### EXERCISE DIRECTIONS
Transcribe all of the data exactly. Omit the pictures.

### COLLECTED MATERIAL
• • • • •
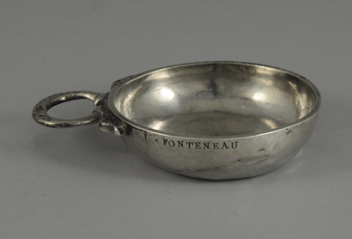 TASTE-VIN en argent, l'anse serpent enroulé.Province, probablement Nantes, XVIIIème.Maître-orfèvre :...
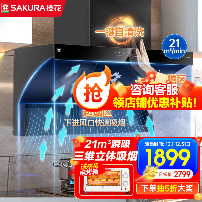 樱花(SAKURA)抽油烟机家用侧吸抽烟机挥手智控21立方大风量大静压双曲面多维立体吸烟一键自清洗 CXW-280-PJC03价格:1899.00元!
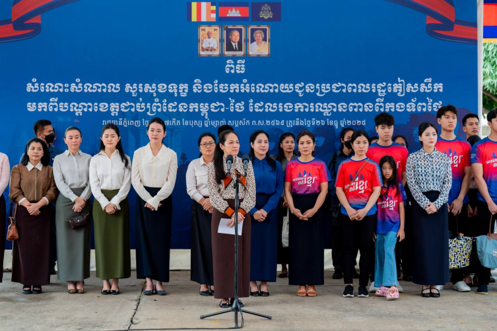 ក្នុងឱកាសនោះ លោកជំទាវបណ្ឌិត បានពាំនាំប្រសាសន៍ផ្តាំផ្ញើសួរសុខទុក្ខដ៏ខ្ពង់ខ្ពស់បំផុត និងដោយក្តីបារម្ភបំផុតរបស់សម្តេចអគ្គមហាសេនាបតីតេជោ ហ៊ុន សែន និងសម្តេចកិតិ្តព្រឹទ្ធបណ្ឌិត ប៊ុន រ៉ានី ហ៊ុនសែន ព្រមទាំងសម្តេចមហាបវរធិបតី ហ៊ុន ម៉ាណែត ជូនប្រជាពលរដ្ឋភៀសសឹកគ្រប់រូប និងថែមទាំងបាននាំយកអំណោយដ៏ថ្លៃថ្លាបំផុតរបស់ សម្តេចមហាបវរធិបតី ហ៊ុន ម៉ាណែត និងលោកជំទាវបណ្ឌិតផ្ទាល់ ប្រគល់ជូនជនភៀសសឹកគ្រប់ៗរូប ដើម្បីប្រើប្រាស់ និងសម្រួលជីវភាពរស់នៅប្រចាំថ្ងៃ ។
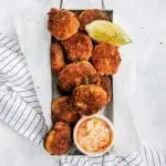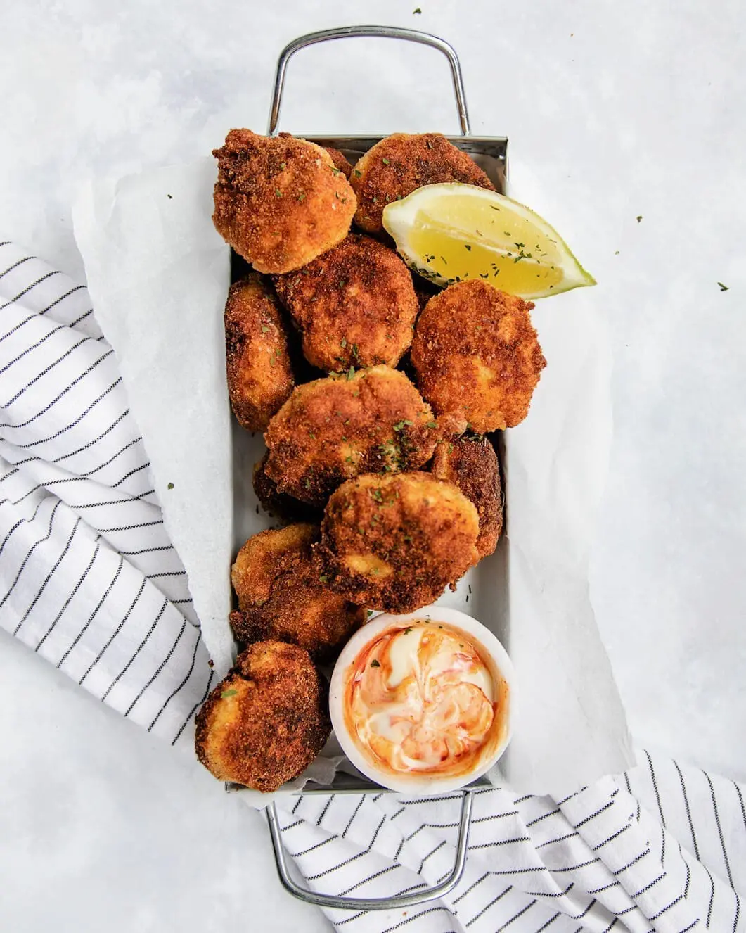 - Laat even uitlekken op wat keukenpapier terwijl je de dip maakt. Meng de mayo met de sriracha. Serveer samen met nog wat citroen voor net dat frisse tintje! Enjoy!
• • • • •
### PROBLEM SOLUTION
 TASTE-VIN en argent, l'anse serpent enroulé.Province, probablement Nantes, XVIIIème.Maître-orfèvre :...
 樱花(SAKURA)抽油烟机家用侧吸抽烟机挥手智控21立方大风量大静压双曲面多维立体吸烟一键自清洗 CXW-280-PJC03价格:1899.00元!
 ក្នុងឱកាសនោះ លោកជំទាវបណ្ឌិត បានពាំនាំប្រសាសន៍ផ្តាំផ្ញើសួរសុខទុក្ខដ៏ខ្ពង់ខ្ពស់បំផុត និងដោយក្តីបារម្ភបំផុតរបស់សម្តេចអគ្គមហាសេនាបតីតេជោ ហ៊ុន សែន និងសម្តេចកិតិ្តព្រឹទ្ធបណ្ឌិត ប៊ុន រ៉ានី ហ៊ុនសែន ព្រមទាំងសម្តេចមហាបវរធិបតី ហ៊ុន ម៉ាណែត ជូនប្រជាពលរដ្ឋភៀសសឹកគ្រប់រូប និងថែមទាំងបាននាំយកអំណោយដ៏ថ្លៃថ្លាបំផុតរបស់ សម្តេចមហាបវរធិបតី ហ៊ុន ម៉ាណែត និងលោកជំទាវបណ្ឌិតផ្ទាល់ ប្រគល់ជូនជនភៀសសឹកគ្រប់ៗរូប ដើម្បីប្រើប្រាស់ និងសម្រួលជីវភាពរស់នៅប្រចាំថ្ងៃ ។
 - Laat even uitlekken op wat keukenpapier terwijl je de dip maakt. Meng de mayo met de sriracha. Serveer samen met nog wat citroen voor net dat frisse tintje! Enjoy!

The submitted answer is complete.